CONCLUSION: This food frequency questionnaire based food group represents a good alternative for assessing the food habits, with the advantage of having a short list of food items.

Indexing terms: Adult. Validation studies. Diet surveys. Reproducibility of results.


 

 

INTRODUÇÃO

Estima-se que, no ano de 2020, as Doenças Crônicas Não-Transmissíveis (DCNT) serão responsáveis por 75% das mortes em todo o mundo1. A dieta tem permanecido na agenda internacional de pesquisa como um dos principais determinantes dessas doenças. Por outro lado, estudos epidemiológicos de base populacional e ensaios clínicos randomizados evidenciam o papel da dieta na prevenção e controle de morbimortalidade2.

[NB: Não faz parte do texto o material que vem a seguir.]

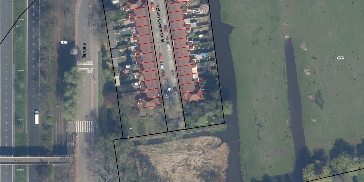 Het perceel waarop Robert Owenstraat 21 staat heeft een oppervlakte van 1760 m². Dit is een zeer groot perceel. De perceeloppervlakte wordt geregistreerd door het Kadaster. Gedetailleerde informatie over de maten van dit perceel kunt u vinden in het rapport Kadastrale kaart met maatvoering van Robert Owenstraat 21.

Dentre os vários métodos existentes para avaliar a dieta, os mais frequentemente utilizados são o registro alimentar, o Inquérito Recordatório de 24 horas (IR24h) e o Questionário de Frequência Alimentar (QFA)3. A escolha de um ou outro método depende dos objetivos do estudo e da população investigada4.

No registro alimentar, todos os alimentos e bebidas ingeridos durante um ou mais dias são registrados pelo participante. Já no IR24h, o respondente é solicitado a lembrar e informar todos os alimentos e bebidas ingeridos nas 24 horas precedentes ou no dia anterior à entrevista. O QFA, por sua vez, baseia-se na frequência usual de ingestão dos alimentos contidos em uma lista, preestabelecida pelo pesquisador, por um período específico de tempo, que pode variar de um mês a vários anos. Pelas suas características, os dois primeiros métodos são mais utilizados para mensurar a ingestão atual, enquanto o QFA caracteriza a dieta usual3,4.

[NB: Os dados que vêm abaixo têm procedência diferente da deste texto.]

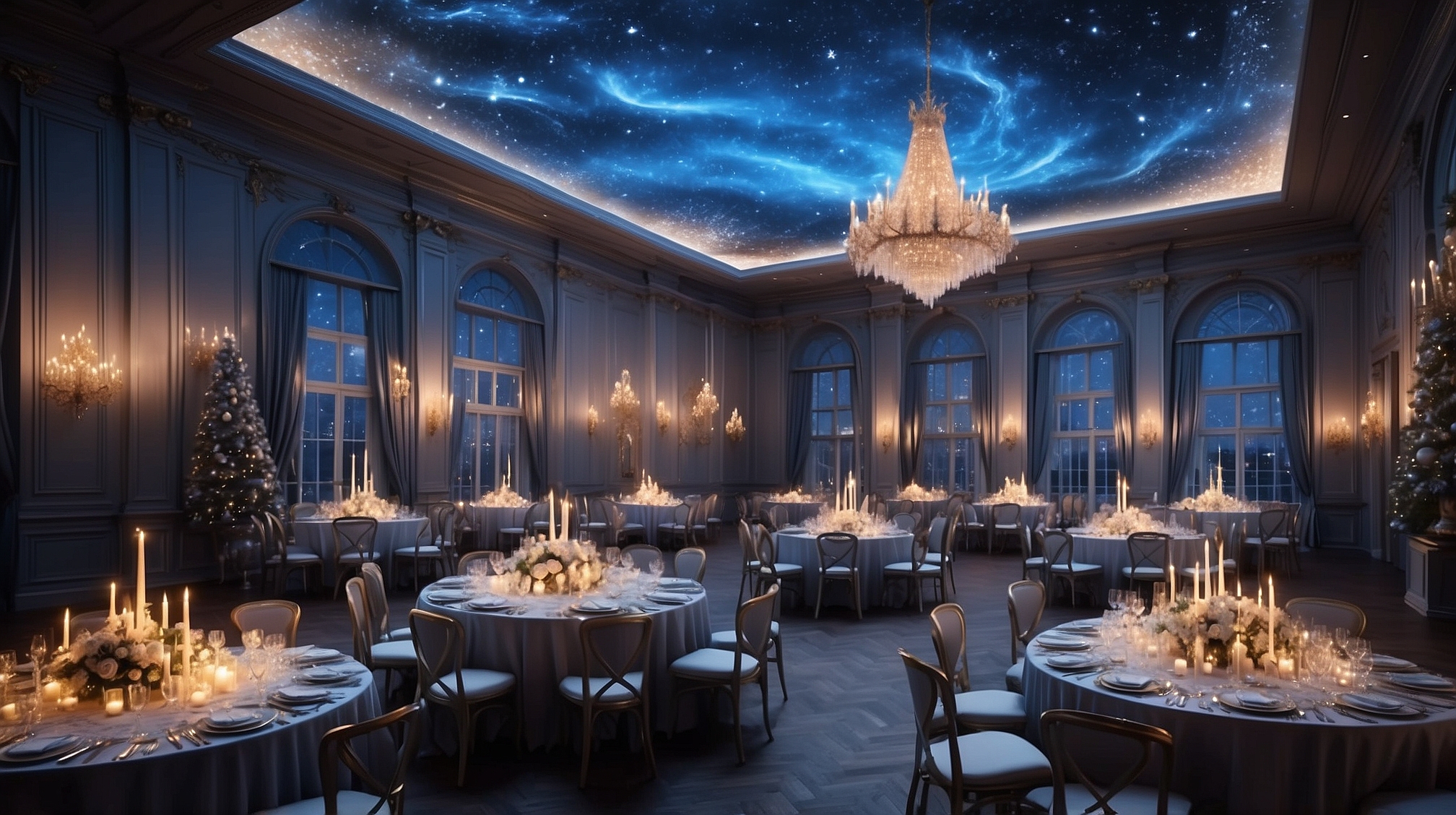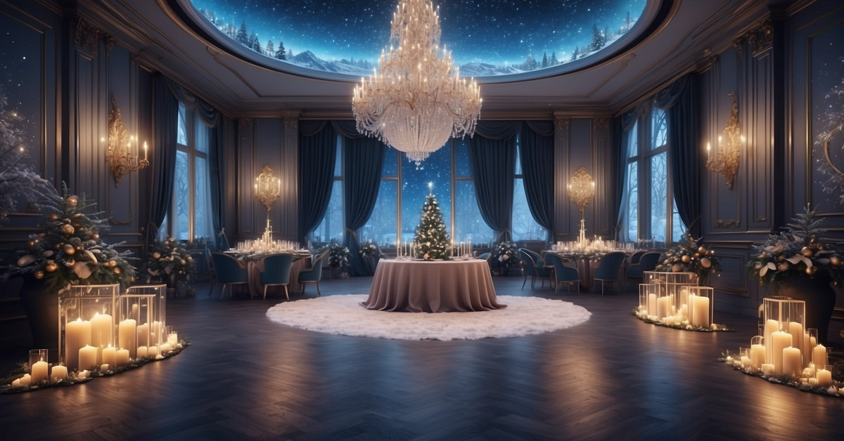 • Dvorana Atlantisa je osupljivo okrašena z eteričnimi lučmi, zlato svetlobo in kristali, ki vibrirajo v frekvenci novega leta.

Como na associação entre dieta e DCNT, a exposição de interesse é a ingestão alimentar de longo prazo, o método de escolha é o QFA, sendo necessária apenas uma aplicação para se obter informações sobre a dieta habitual dos indivíduos. O registro alimentar e o IR24h, ao contrário, exigem múltiplos dias de coleta de dados para estimar a ingestão usual, o que implica maior tempo, maior carga para o respondente, maior complexidade no processamento dos dados e maior custo5,6.

Apesar das vantagens do QFA, esse instrumento necessita ter sua reprodutibilidade e validade testada na população alvo do estudo, uma vez que ele é composto de uma lista finita de alimentos ou itens alimentares, obtidas, via de regra, a partir de dados de ingestão dietética da população4.

Em geral, estudos de reprodutibilidade e validade dos QFA são baseados em energia e nutrientes7-9. Recentemente, porém, essas características têm sido avaliadas com base em grupos de alimentos10,11. No Brasil, entretanto, esses estudos ainda são escassos, especialmente com adultos12. A abordagem, além de simplificar o QFA, pois permite reduzir a lista de alimentos, pode tornálo mais útil na identificação de padrões alimentares, tanto protetores como de risco para DCNT, o que auxiliaria na formulação de recomendações nutricionais mais facilmente compreendidas pela população, uma vez que os indivíduos compram, preparam e ingerem alimentos, mais do que nutrientes.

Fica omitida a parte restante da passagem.